Wyeth is above all an astute witness—whether of natural phenomena, the peripheries of battle, or the idiosyncrasies of soldiers. His description of everything from the sound of gas shells hurtling overhead, to the reckless banter of enlisted men playing craps, to the drifting perfume of dead men in a ruined village, are as precise and revealing as any in the literature of war. They are his distinguishing feature and what chiefly sets him apart from every other major poet of 1914–1918 (p. 70).

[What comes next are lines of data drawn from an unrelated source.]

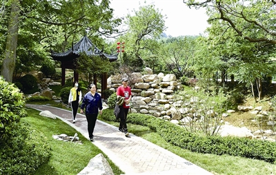 ■太平山路新口袋公园在去年夏天亮相,亭台水榭让市民流连忘返。 崔冬妮 摄
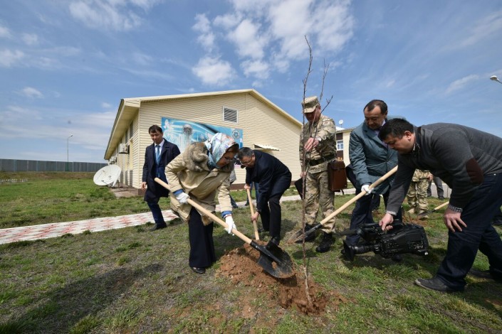 О визите сенаторов пограничникам части 2020 ПС КНБ РК будет напоминать небольшой фруктовый сад. Яблони сажали все гости. Лопату в руки взяла даже единственная в делегации женщина.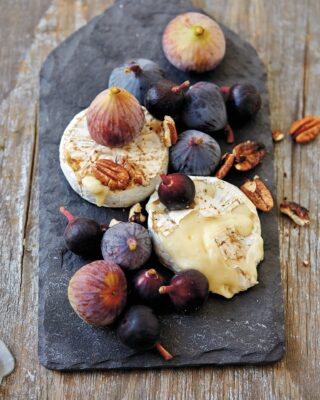 Compared with some of my other favourite cheeses, Camembert has a fairly low melting point. The outside skin has a much higher melting point than the inside though. This makes it the perfect cheese to braai as is. No need to put it in bread, in a pan or in foil – just take it out of the packaging and braai over medium to low coals for about 10 minutes until the cheese on the inside has melted, but before the outside skin melts, boils or ruptures. There are plenty of ways to serve braaied Camembert and my favourite is like this, with nuts and figs as a dessert. This way the coals of your fire are nice and relaxed post-dinner by the time you want to braai the cheese.

Days before the end of the war Wyeth found himself in an evacuation hospital in Souilly, diagnosed with influenza. This didn’t kill him, however, and he went on to live a long but sparsely recorded life. We do know he lost interest in poetry and took up painting, spending a lot of time in Europe. His penultimate poem (54) gives us a glimpse of his hospital experience:

Fever, and crowds—and light that cuts your eyes—
Men waiting in a long slow-shuffling line 
with silent private faces, white and bleak.
Long rows of lumpy stretchers on the floor.
My helmet drops—a head jerks up and cries
wide-eyed and settles in a quivering whine.
The air is rank with touching human reek.
A troop of Germans clatters through the door.
They cross our line and something in me dies.
Sullen, detached, obtuse—men into swine—
and hurt unhappy things that walk apart.
Their rancid bodies trail a languid streak
so curious that hate breaks down before
the dull and cruel laughter in my heart. (number 54)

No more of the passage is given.